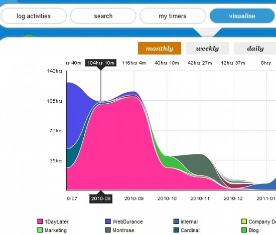 1DayLater is a free web application to keep track of time spent on various projects, keep track of expenses, and keep track of business miles.
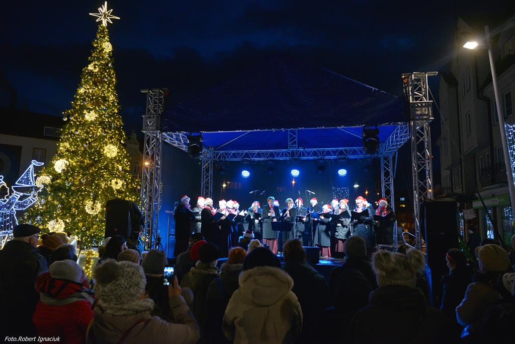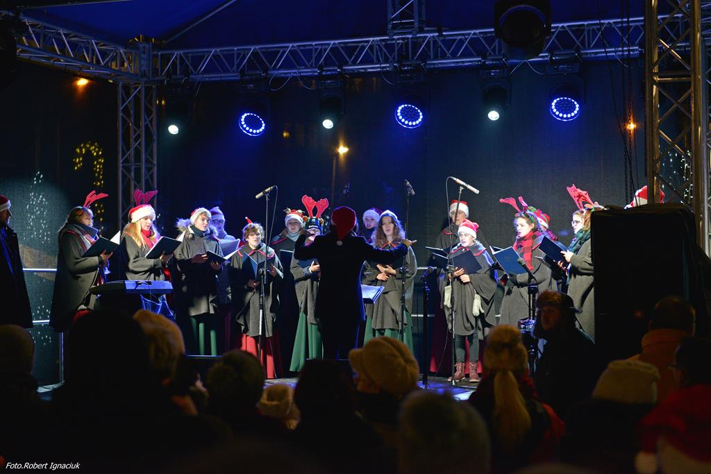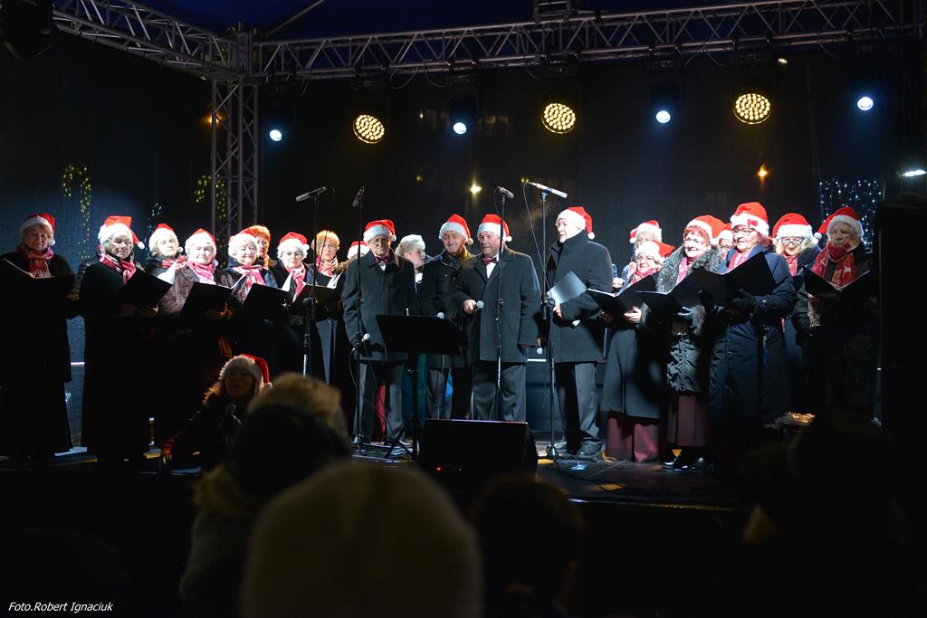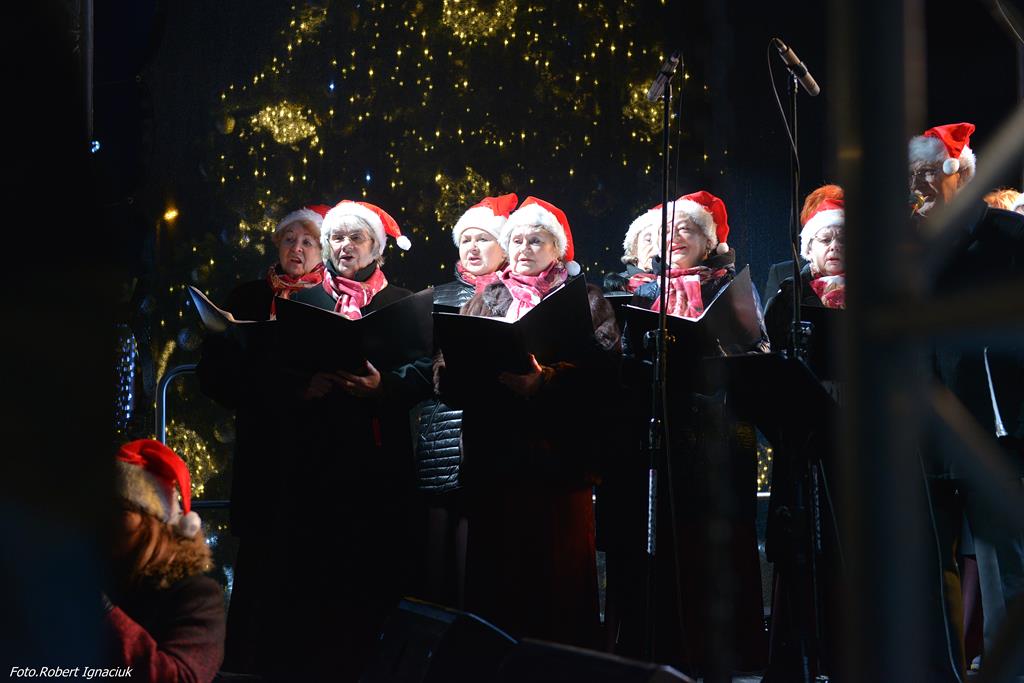 Wcześniej pl. Wolności rozbrzmiewał kolędami. Nie zabrakło „Chwatów” i chóru „Kantylena”. Także miejski chór „Logos” zaśpiewał najpiękniejsze polskie tradycyjne kolędy. Barbara Okoń z MDK rozgrzewała publiczność do wspólnego śpiewania.
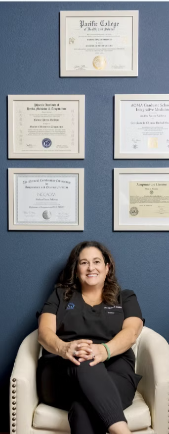 Dr. Nadine P. Baldwin is a board-certified acupuncturist who earned her Doctor of Acupuncture (DAc) from the Pacific College of Health and Science in San Diego, CA. In addition to her doctorate, she is Board Certified in Neuropathy (BCN) and holds advanced certification in Chinese Herbal Medicine (CCHM).
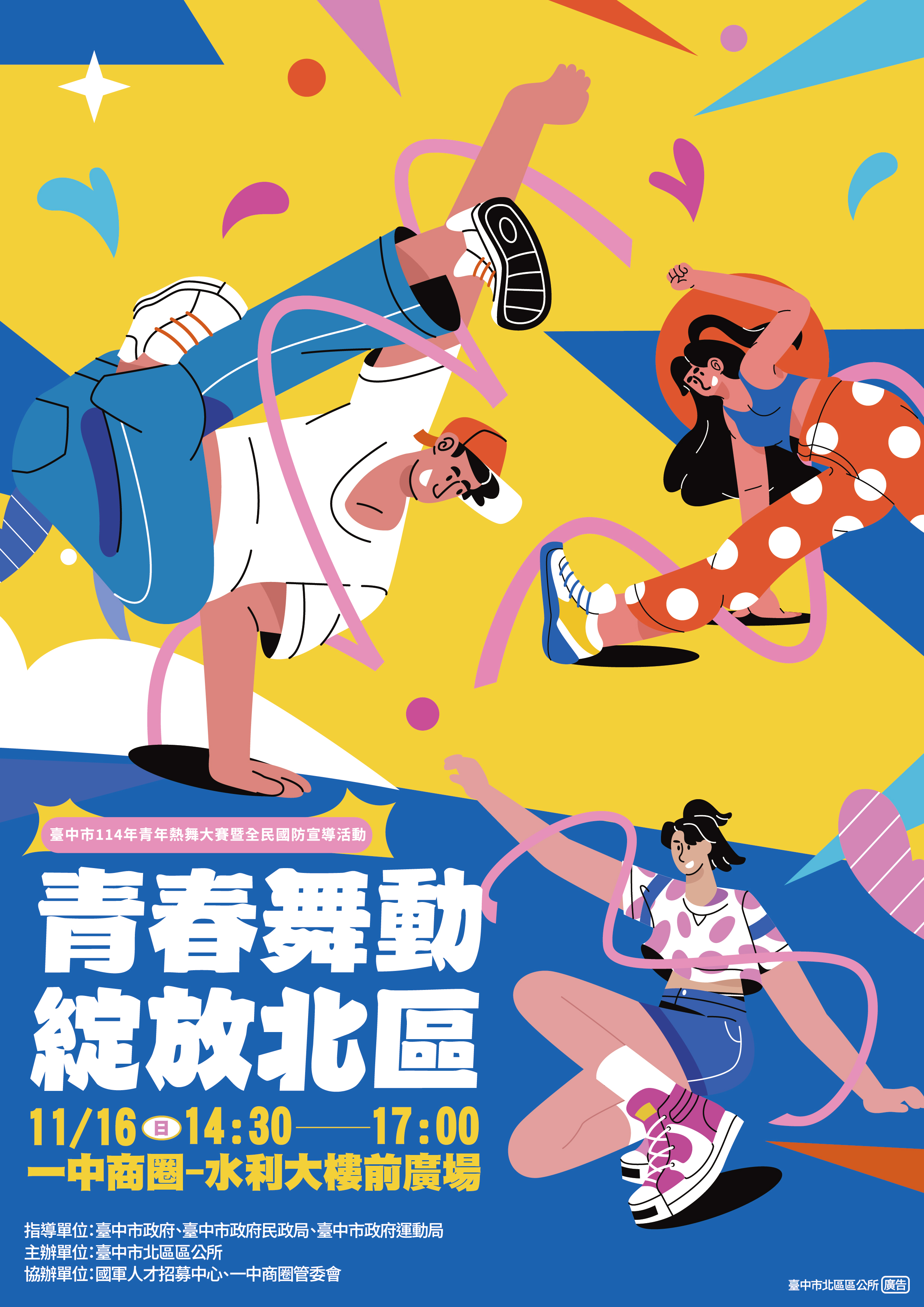 一、 為鼓勵青少年投入正當休閒運動活動,透過熱舞調劑身心與培養運動精神,並藉機向大眾宣導全民國防之重要,因而舉辦「臺中市114年青年熱舞大賽暨全民國防宣導活動」,活動訂於114年11月16日(星期日)下午2時30分至5時於臺中市一中商圈水利大樓前廣場(臺中市北區尊賢街7號)舉辦。
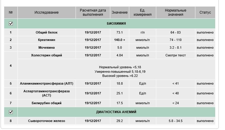 Биохимия и ОАК за 10 ноября 2017. Узи за 15 ноября.
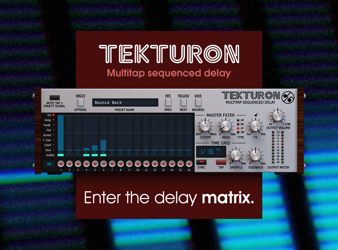 Tekturon is a multitap-delay effect with 16 independent, high-quality delay lines. What really sets it apart from other, similar products, however, is the way it’s controlled and the unique topology into which the taps are arranged: The Delay Matrix. In fact, Tekuron can't be thought of as a tap-delay effect in the strictest sense, but more of a sequence of taps equally delayed from each other, whereby working with the plugin strongly resembles using a step sequencer. This rather unusual design should give your creativity just the kick it needs!
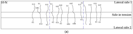 - For a load associated with 60% of the yielding stress (0.6 fy) in the LTR, the maximum flexural crack widths and lengths were greater for beams with an LTR of 10 mm compared to beams with an LTR of 13 mm. This was because the depth of the neutral axis of the beams with an LTR of 10 mm was smaller compared to that of beams with an LTR of 13 mm. The maximum crack widths and lengths were greater nearer to the loading points. This was because in this zone, axial stresses related to flexural and shear forces developed together. Therefore, the tension stresses, due to the combination of axial and shear stresses, were larger than those developed along the center of beams.
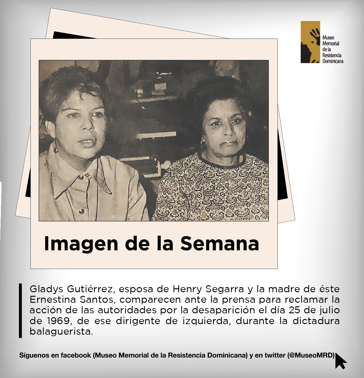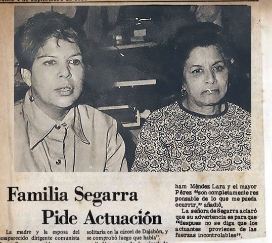 Gladys Gutiérrez, esposa de Henry Segarra y la madre de éste Ernestina Santos, comparecen ante la prensa para reclamar la acción de las autoridades por la desaparición el día 25 de julio de 1969, de ese dirigente de izquierda, durante la dictadura balaguerista.
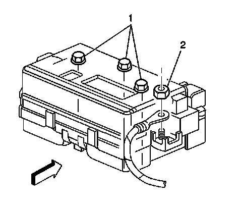 5. Remove the battery feed terminal nut (2) from the junction block.
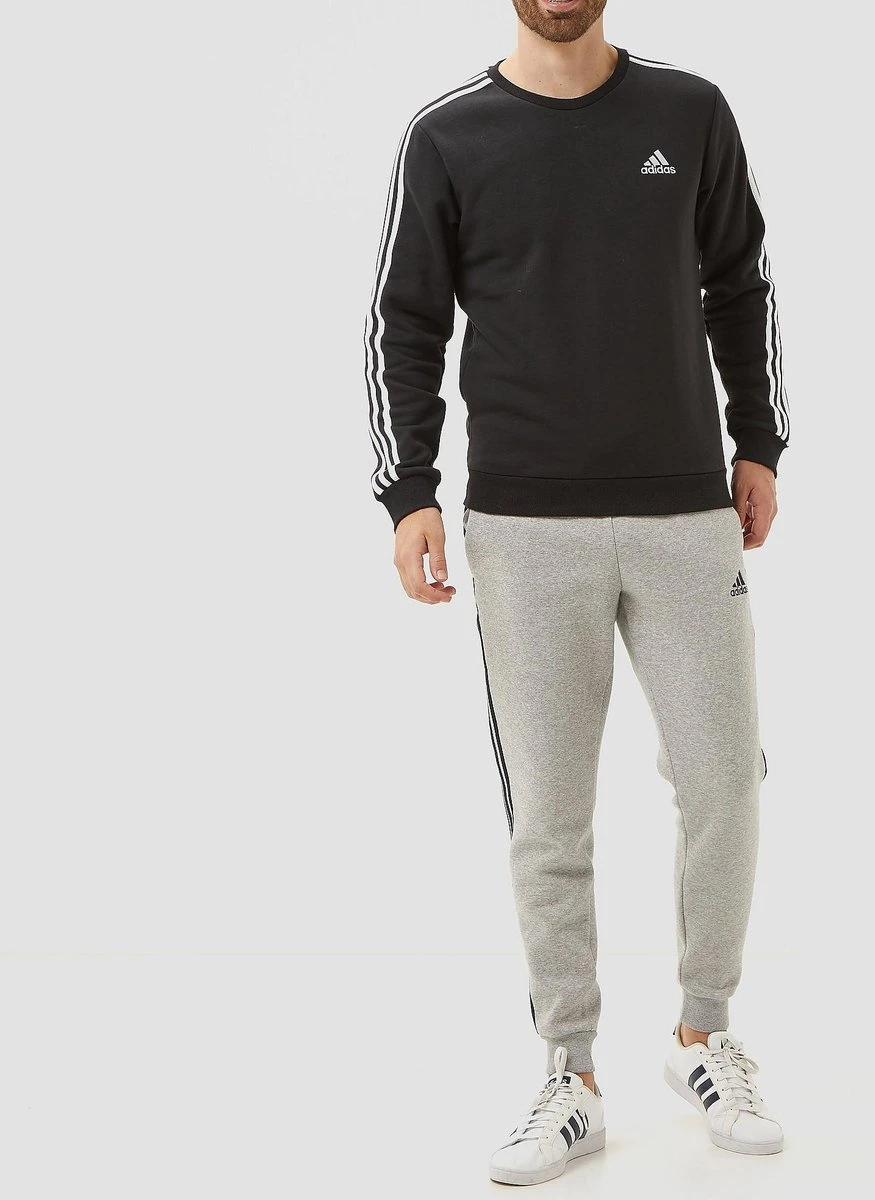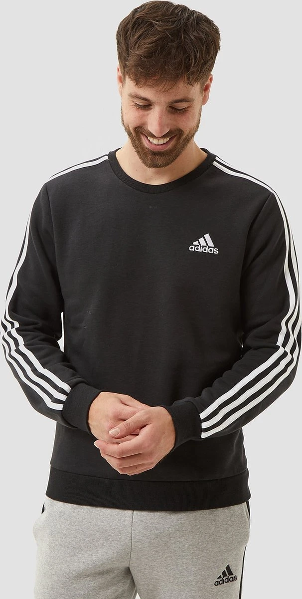 Houd jezelf warm tussen de trainingen door met de zwarte adidas Essentials 3-Stripes fleece sweater voor heren. Gemaakt van een combinatie van katoen en fleece ontbreekt het jou niet aan warmte. Op momenten waarop je iets minder warmte nodig hebt stroop je de mouwen makkelijk op met de geribde manchetten. De iconische adidas-strepen over de schouders en mouwen geven de hoodie een sportieve look.
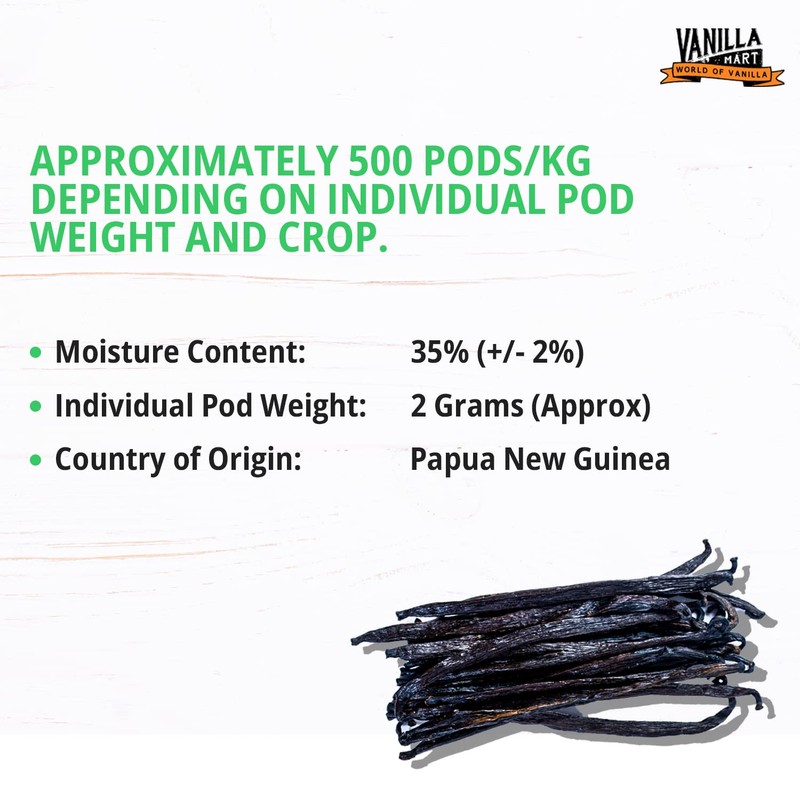 Vanilla Mart Vanilla Pods from Papua New Guinea (PNG) Grade A Beans Flowery Fruity Aroma (50 Pods)
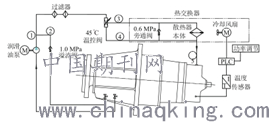 齿轮箱箱体表面的散热量非常有限,可以用润滑油循环系统来吸收多余的热量。如果不考虑润滑油在循环管道中散失的热量,假设冷却后的润滑油与外部环境等温,则冷却系统的散热量等于润滑油的吸热量。
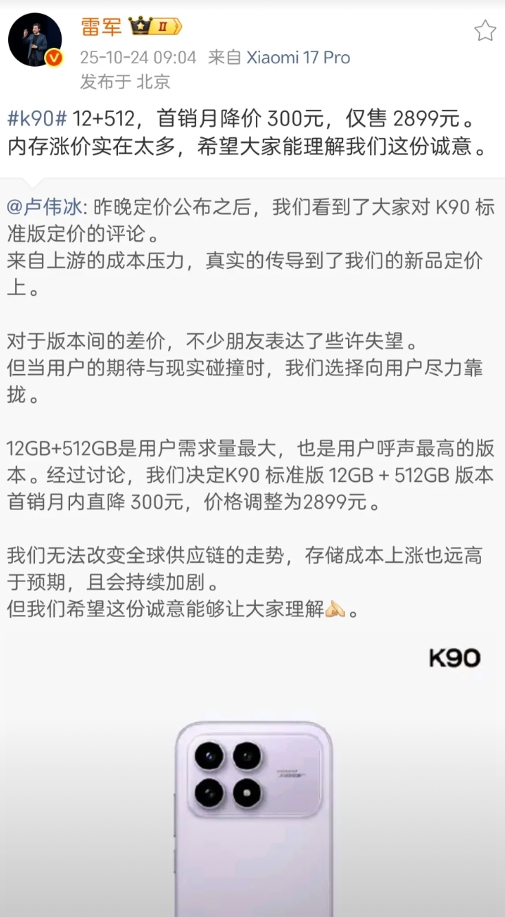 降价是雷军良心发现了吗?是真的让利消费者吗?真想让利的话发布会就直接宣布了吧?或者直接就在定价上体现了,为何要在12小时后决定?是因为雷军在连夜说服高管?

* [Work order]
Produce an exact reproduction of the listing above, limited to the lines starting at the line with "一、 為鼓勵青少年投入正當休" and ending at the line with "- For a load", both kept, with every picture left out.

* [Problem solution]
 一、 為鼓勵青少年投入正當休閒運動活動,透過熱舞調劑身心與培養運動精神,並藉機向大眾宣導全民國防之重要,因而舉辦「臺中市114年青年熱舞大賽暨全民國防宣導活動」,活動訂於114年11月16日(星期日)下午2時30分至5時於臺中市一中商圈水利大樓前廣場(臺中市北區尊賢街7號)舉辦。
 Биохимия и ОАК за 10 ноября 2017. Узи за 15 ноября.
 Tekturon is a multitap-delay effect with 16 independent, high-quality delay lines. What really sets it apart from other, similar products, however, is the way it’s controlled and the unique topology into which the taps are arranged: The Delay Matrix. In fact, Tekuron can't be thought of as a tap-delay effect in the strictest sense, but more of a sequence of taps equally delayed from each other, whereby working with the plugin strongly resembles using a step sequencer. This rather unusual design should give your creativity just the kick it needs!
 - For a load associated with 60% of the yielding stress (0.6 fy) in the LTR, the maximum flexural crack widths and lengths were greater for beams with an LTR of 10 mm compared to beams with an LTR of 13 mm. This was because the depth of the neutral axis of the beams with an LTR of 10 mm was smaller compared to that of beams with an LTR of 13 mm. The maximum crack widths and lengths were greater nearer to the loading points. This was because in this zone, axial stresses related to flexural and shear forces developed together. Therefore, the tension stresses, due to the combination of axial and shear stresses, were larger than those developed along the center of beams.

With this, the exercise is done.